DATA TO USE
-- Opening Marker --
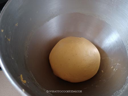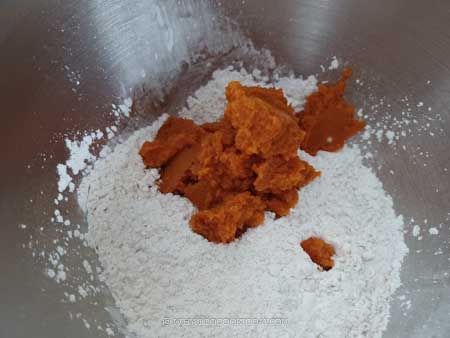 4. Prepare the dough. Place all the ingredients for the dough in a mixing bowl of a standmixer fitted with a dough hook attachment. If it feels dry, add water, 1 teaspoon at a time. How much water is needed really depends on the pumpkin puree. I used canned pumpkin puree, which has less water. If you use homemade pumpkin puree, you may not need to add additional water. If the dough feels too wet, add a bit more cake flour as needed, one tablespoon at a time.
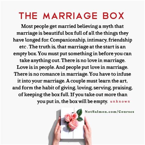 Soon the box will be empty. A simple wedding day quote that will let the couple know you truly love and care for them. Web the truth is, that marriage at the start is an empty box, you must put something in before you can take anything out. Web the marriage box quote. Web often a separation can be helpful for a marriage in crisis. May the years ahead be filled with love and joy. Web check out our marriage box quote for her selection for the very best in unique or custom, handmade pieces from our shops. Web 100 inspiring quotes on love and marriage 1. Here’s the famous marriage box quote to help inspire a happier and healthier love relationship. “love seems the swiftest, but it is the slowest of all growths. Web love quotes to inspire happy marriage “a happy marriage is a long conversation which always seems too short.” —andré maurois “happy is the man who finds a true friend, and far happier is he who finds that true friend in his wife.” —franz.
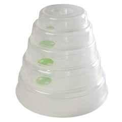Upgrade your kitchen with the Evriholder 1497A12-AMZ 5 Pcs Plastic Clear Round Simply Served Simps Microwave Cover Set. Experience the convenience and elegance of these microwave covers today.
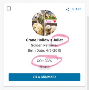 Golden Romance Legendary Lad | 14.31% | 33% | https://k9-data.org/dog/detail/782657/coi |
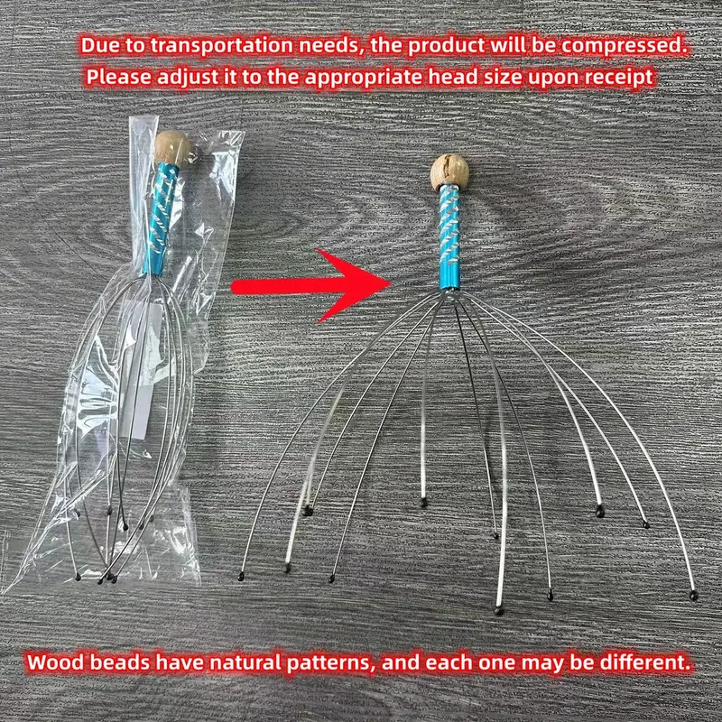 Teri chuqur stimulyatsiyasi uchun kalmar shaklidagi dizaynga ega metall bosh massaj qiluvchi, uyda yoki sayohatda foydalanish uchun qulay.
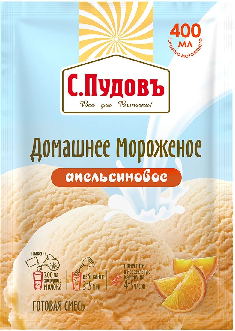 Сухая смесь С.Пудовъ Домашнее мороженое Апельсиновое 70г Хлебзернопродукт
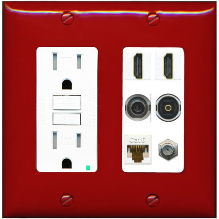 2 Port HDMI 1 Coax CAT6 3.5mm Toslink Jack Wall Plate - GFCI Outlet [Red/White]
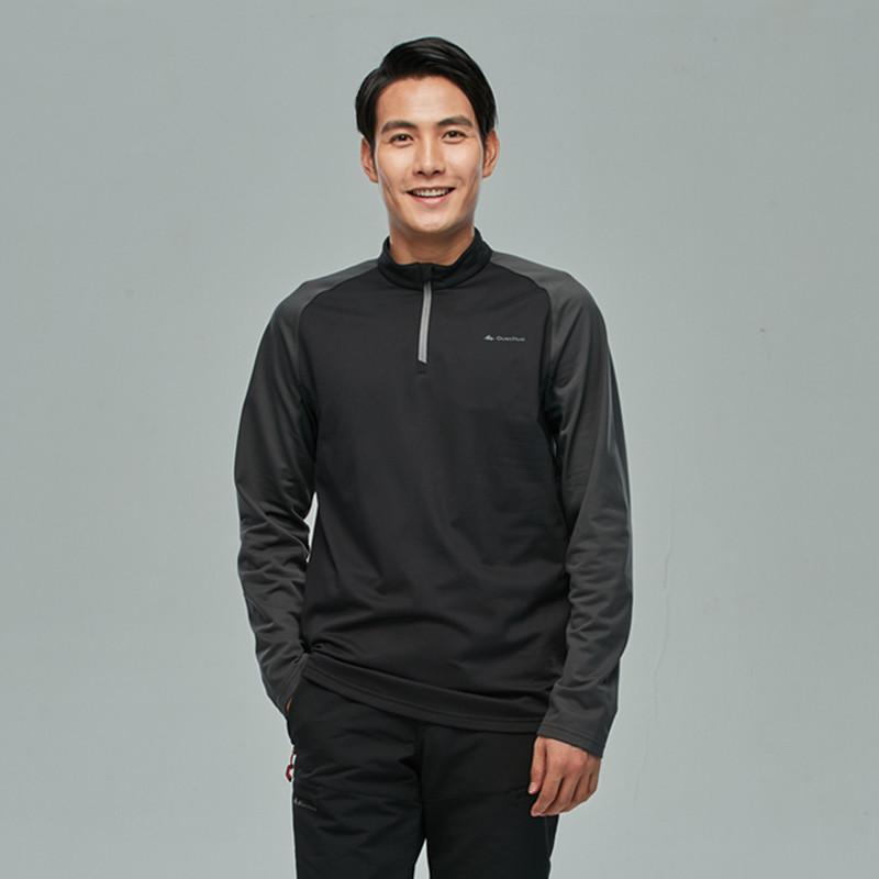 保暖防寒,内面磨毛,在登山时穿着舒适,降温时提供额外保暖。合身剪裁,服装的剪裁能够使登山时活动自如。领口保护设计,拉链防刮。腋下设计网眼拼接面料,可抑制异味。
-- Closing Marker --
-- Opening Marker --
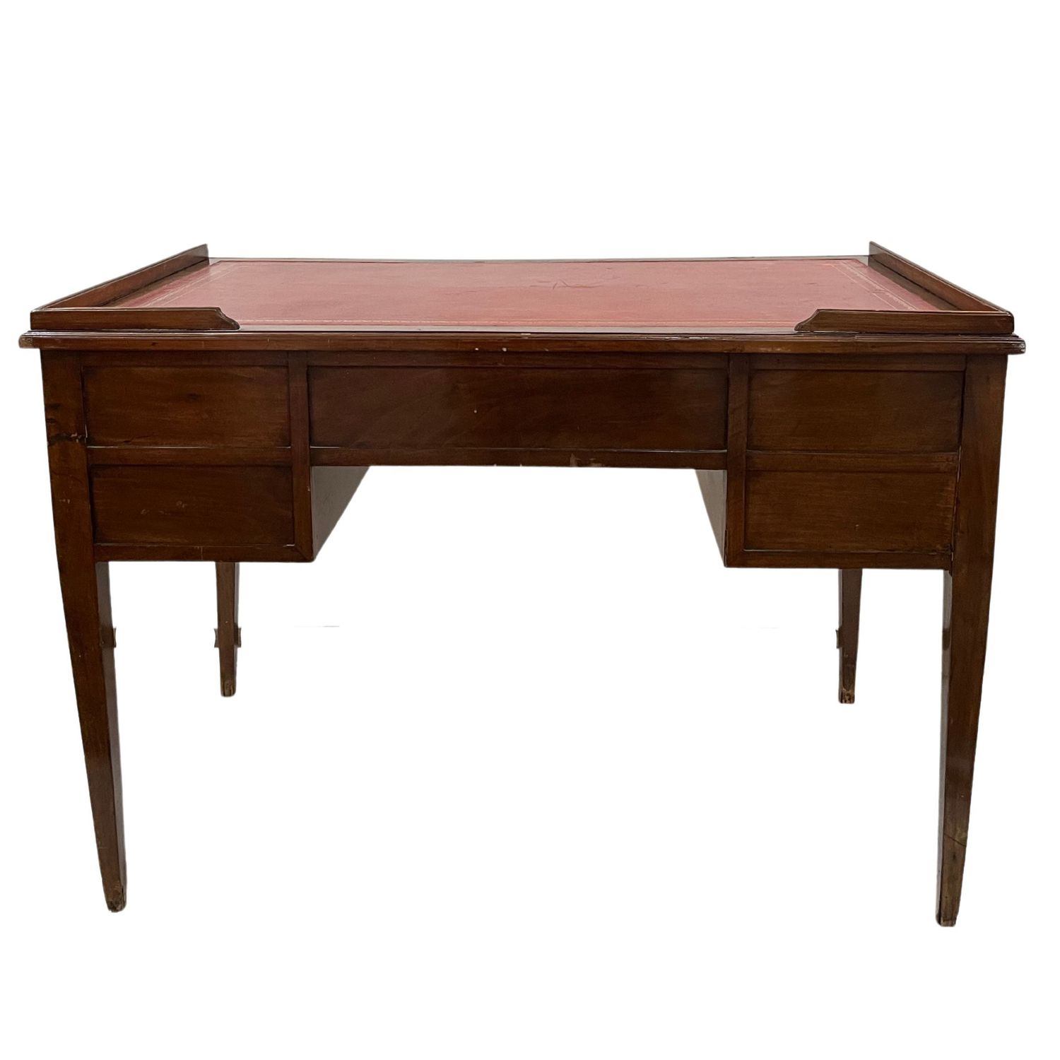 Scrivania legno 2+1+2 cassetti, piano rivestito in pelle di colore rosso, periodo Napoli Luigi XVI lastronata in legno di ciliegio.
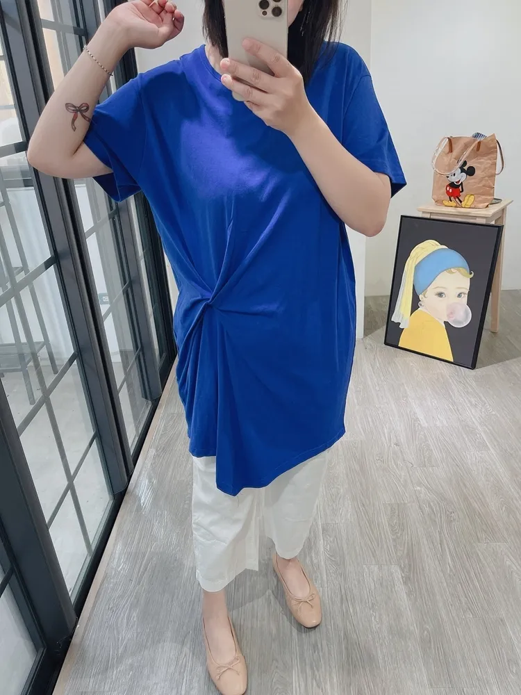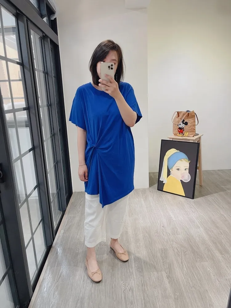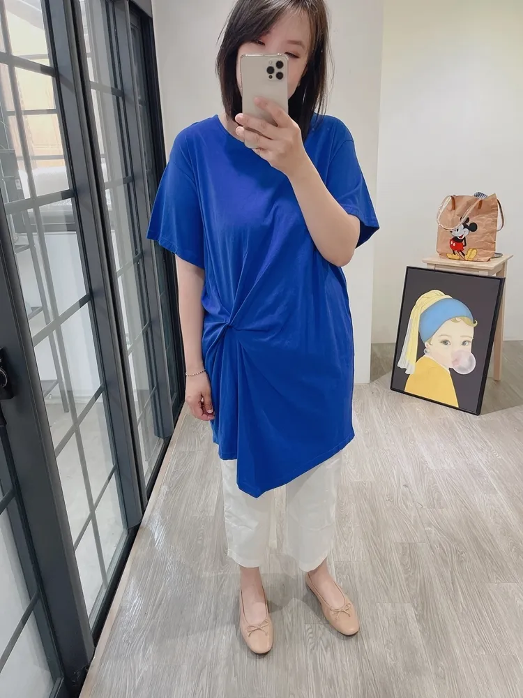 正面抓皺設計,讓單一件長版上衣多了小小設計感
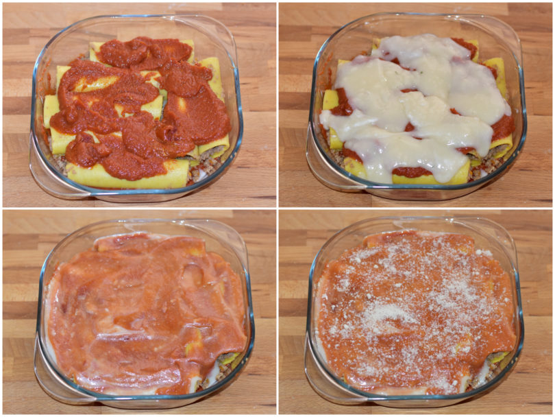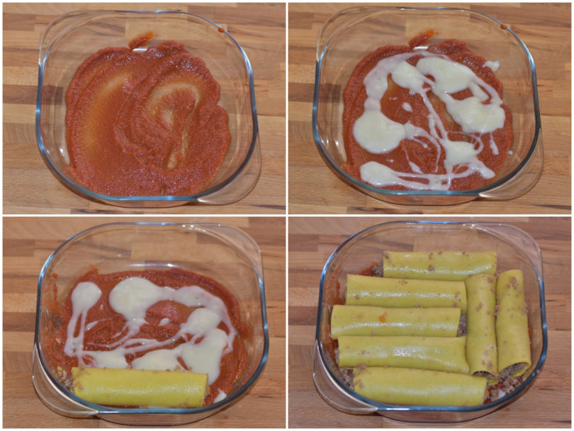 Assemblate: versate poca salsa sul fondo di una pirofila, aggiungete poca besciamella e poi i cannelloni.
-- Closing Marker --
-- Opening Marker --
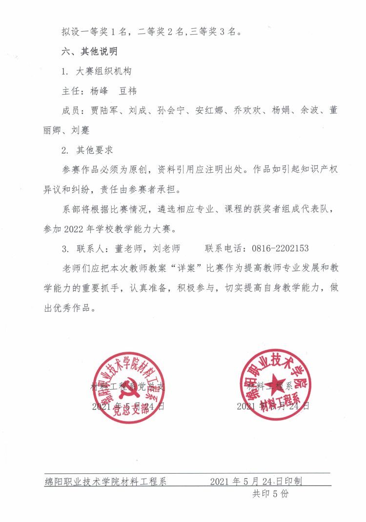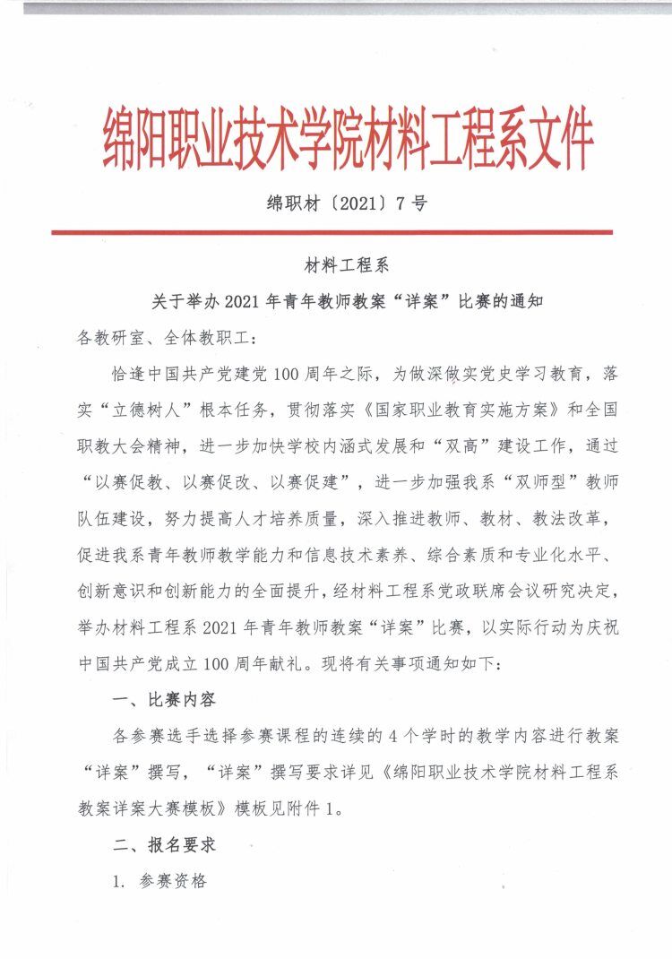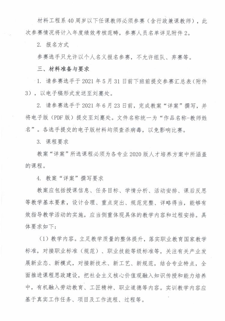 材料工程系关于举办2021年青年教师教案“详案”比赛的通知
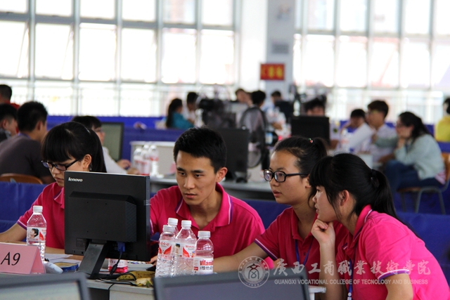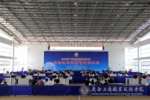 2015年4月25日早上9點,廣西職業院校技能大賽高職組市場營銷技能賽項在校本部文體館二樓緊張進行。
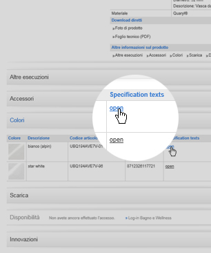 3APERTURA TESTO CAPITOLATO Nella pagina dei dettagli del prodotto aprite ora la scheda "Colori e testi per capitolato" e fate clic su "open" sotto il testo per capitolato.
-- Closing Marker --
EXERCISE
Look above and copy only the lines from the one holding "2 Port HDMI" to the one holding "保暖防寒,内面磨毛,在登山时", both included, exactly, minus the pictures.

EXERCISE RESULT
 2 Port HDMI 1 Coax CAT6 3.5mm Toslink Jack Wall Plate - GFCI Outlet [Red/White]
 保暖防寒,内面磨毛,在登山时穿着舒适,降温时提供额外保暖。合身剪裁,服装的剪裁能够使登山时活动自如。领口保护设计,拉链防刮。腋下设计网眼拼接面料,可抑制异味。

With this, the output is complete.